Hina considered the offer for less than half a second. "Please," she said.
"I'll let you know what I find." Goto nodded to her. Hina drove the RideVendor back toward home, leaving Goto to collect the Cell Medals.
Results weren't expected immediately, and Hina was both unsurprised and somewhat disappointed to hear that Ankh's phone had gone in the general direction of Narita before being shut off. Goto could try something else to track it, he said, but it would take some time. Goto also mentioned that he would appreciate if word of his doing this particular favor didn't get spread around, which Hina assumed meant that he was doing it without his boss's knowledge.

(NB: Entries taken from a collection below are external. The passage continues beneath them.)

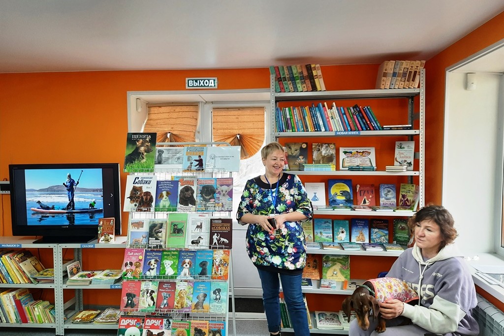 Неожиданным и приятным сюрпризом для ребят стало появление в библиотеке Алены Саитовой, сап-спортсмена, блогера и ее щенка гладкошерстной таксы по кличке Теккелс мэджик Шанди, или просто Саньки. Алена показала фотографии и видеосюжеты из жизни шестимесячного задорного щенка, рассказала о том, что с появлением четвероногого малыша жизнь всей семьи, распорядок дня меняется: составляется график кормления, прививок, развлечений, прогулок. У Алены двое питомцев и оба породы такса, старший – 9-летний Мускат, «ведет» свой блог https://t.me/muskatdog. Многие ребята сразу же подписались на него. А гуляют наши друзья не только во дворе, но и в необыкновенно красивых местах, ведь у них есть сап. И обе собаки бесстрашно выходят вместе с Аленой в море, путешествуют и даже участвуют в знаменитом угоне льдины. Шанди – Саня – очень общительный щенок, с удовольствием играла со всеми, даже показала, какие команды уже умеет выполнять, а в конце встречи приняла участие в совместной фотосессии.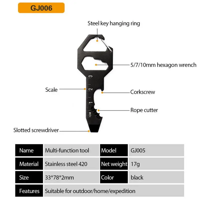 Твердый кусок 420 нержавеющей стали с более чем 10 + функций инструмента, которые каждый обеспечивает несколько применений. Долговечность Geekey и ультра компактный дизайн позволяют ему быть легким компаньоном для вашего ежедневного ношения.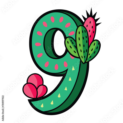 © PixelDreamer, Naklejka premium cactus Alphabet number letter 9 vector on isolated white background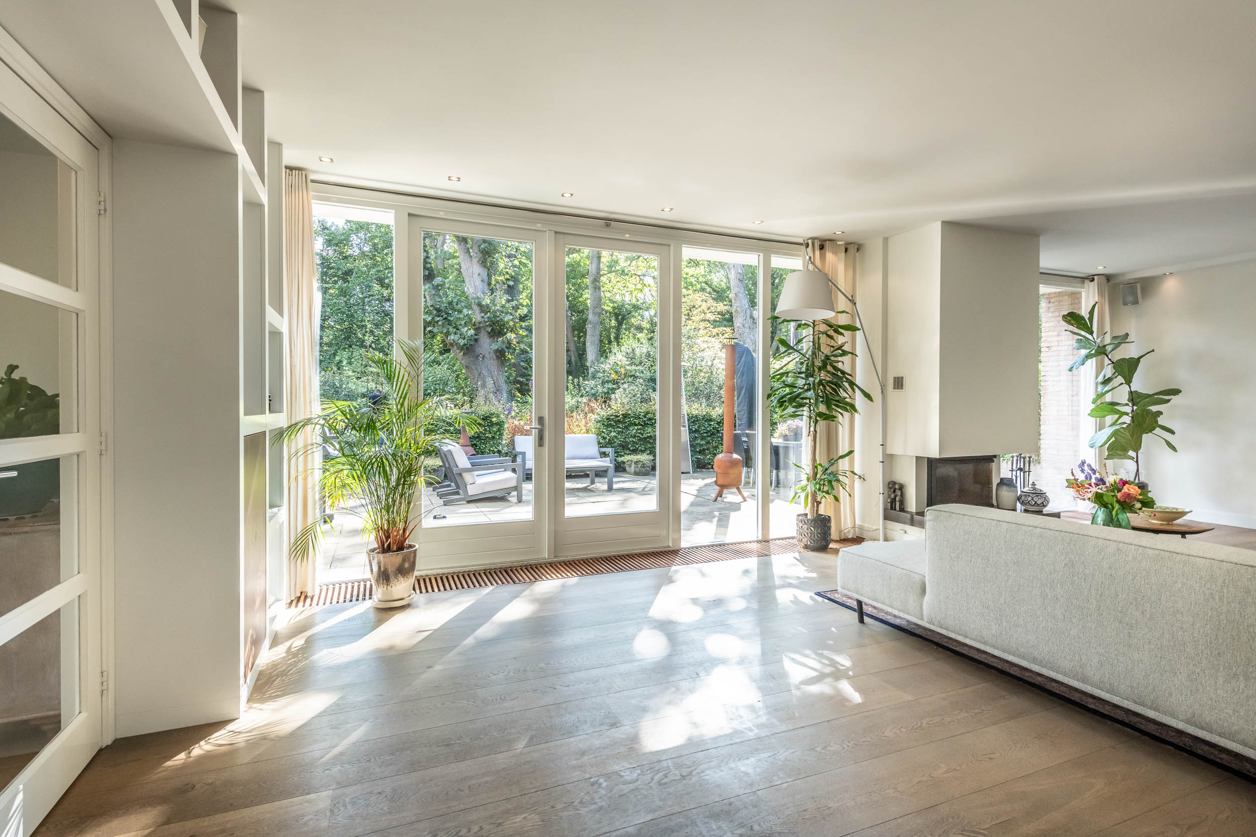 Entrance hall, spacious hallway with toilet and urinal, bright and spacious living room with fireplace, oak flooring and doors to the front terrace. A double door connects to the second living room/TV room with large windows and a view of the back garden. Luxurious, tailor-made kitchen-diner (’t Spant in Heemstede, 2022) featuring underfloor heating, a sink/kitchen island and various built-in appliances: wine climate cabinet, ovens, Quooker with sparkling water feature, coffee machine, Bora electric hob with flex zones and dishwasher. Door to the side garden.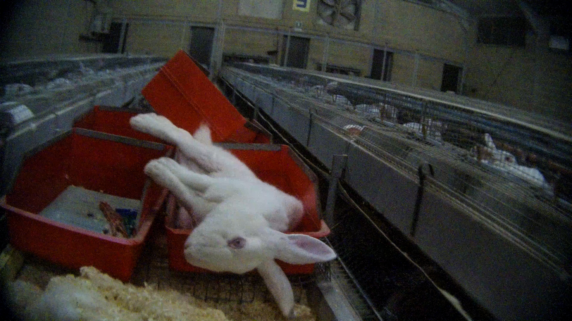 Nell’allevamento vivono in gabbia anche “le fattrici dei conigli, costantemente sottoposte a inseminazione artificiale. Dopo 15 giorni, le coniglie vengono spostate in gabbie dotate di un vassoio di plastica che funge da nido. Alla nascita, i coniglietti vengono suddivisi in base alla taglia, in modo tale che ogni coniglia allatti animali di dimensioni simili, ma non necessariamente i propri. Già 11 giorni dal parto, mentre stanno ancora allattando, le femmine vengono nuovamente fecondate per mantenere alta la produttività dell’allevamento. Dopo due cicli di fecondazione consecutivi che falliscono, una coniglia viene considerata improduttiva quindi scartata e mandata al macello“.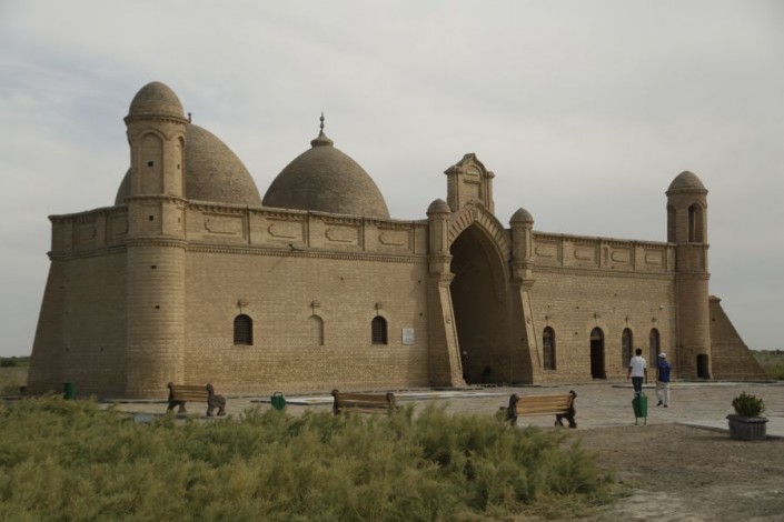 Затем участники фестиваля двинулись к мавзолею Арыстан-Баба. По преданию, святой Арыстан-Баб был духовным наставником и учителем Ахмета Яссауи.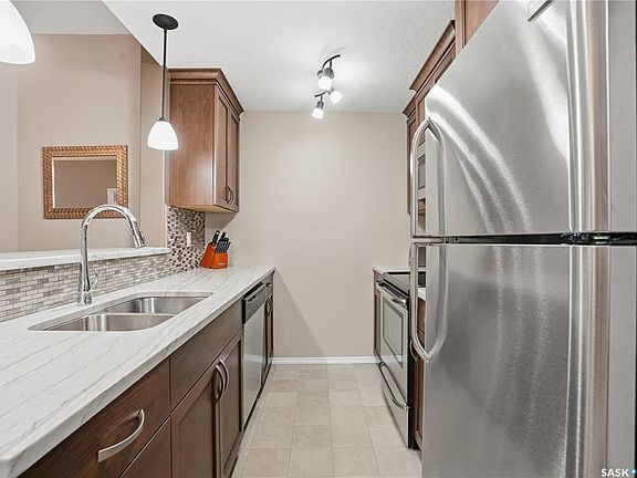 Welcome to Bellagio Terrace, one of Regina’s upscale condo communities, perfectly located in the heart of Hillsdale—steps from Wascana Park, University of Regina, Wascana Rehab, Conexus Arts Centre and countless south-end amenities. Beautifully maintained 2nd floor unit offering 885 sq ft of comfortable MOVE IN READY living space with 2 bedrooms + 2 bathrooms. This home is ideal for 1st time buyers, busy professionals or anyone looking to simplify their lifestyle without compromising on quality, style & convenience. Step inside to an inviting open-concept layout with warm neutral tones and large windows creating a bright atmosphere. Modern kitchen features rich maple cabinetry, tiled backsplash, stainless steel appliances and a sit-up island—perfect for entertaining or casual dining. The dining and living area opens to a private balcony, where you can enjoy your morning coffee, unwind after work or grill a steak on your BBQ. The large primary suite features a walk-in closet and 3-piece ensuite, while the second bedroom and full 4-piece bathroom provide flexibility for guests or a home office. Additional highlights include new carpet, top down bottom up custom blinds, central A/C, in-suite laundry & storage room plus 1 underground heated parking stall which is a luxury during SASK winters. This parking stall is a preferred spot and fits a full sized pick up and is easy to navigate. Condo fees include: heat, water, common area maintenance, snow removal, lawn care and building insurance which make ownership simple and stress-free. Residents enjoy access to a well-equipped fitness room, owner's lounge (currently under reno to refresh the look) and secure elevator access—all in a quiet, pet-friendly building managed by W Management. Whether you’re a first-time buyer ready to build equity, a professional seeking convenience or a down-sizer looking for lock-and-leave comfort, the Bellagio Terrace condo delivers the perfect blend of style, security and location.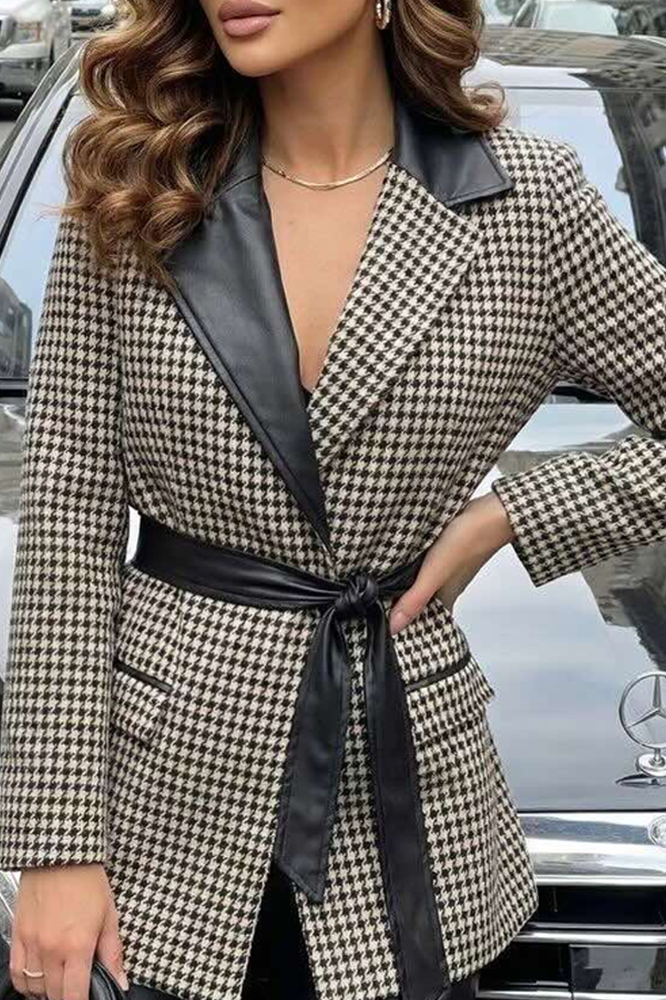 - Съчетайте стилното с удобното! Моделът е с ефектен десен, яка, детайли от еко кожа и колан от същата материя.

"Thank you," she said, trying to convey how much the gesture meant to her.
"It's nothing," Goto said. "Hino's my friend, too, and Ankh, well. Ankh is Ankh."
Hina was tired enough to laugh at that, grateful that Goto had hung up before the slightly hysterical giggle found its way out, but then she found herself playing a waiting game. Waiting to see if Ankh answered the phone, waiting to see if Eiji had healed enough to wake up, waiting to see if Goto could find Ankh, waiting for her grades, although the latter seemed less important with each passing day. The day that Hina found out through what she refused to classify as eavesdropping that Eiji's parents were moving him out of the hospital into longer-term care was a difficult day, for all that she memorized every piece of information she overheard.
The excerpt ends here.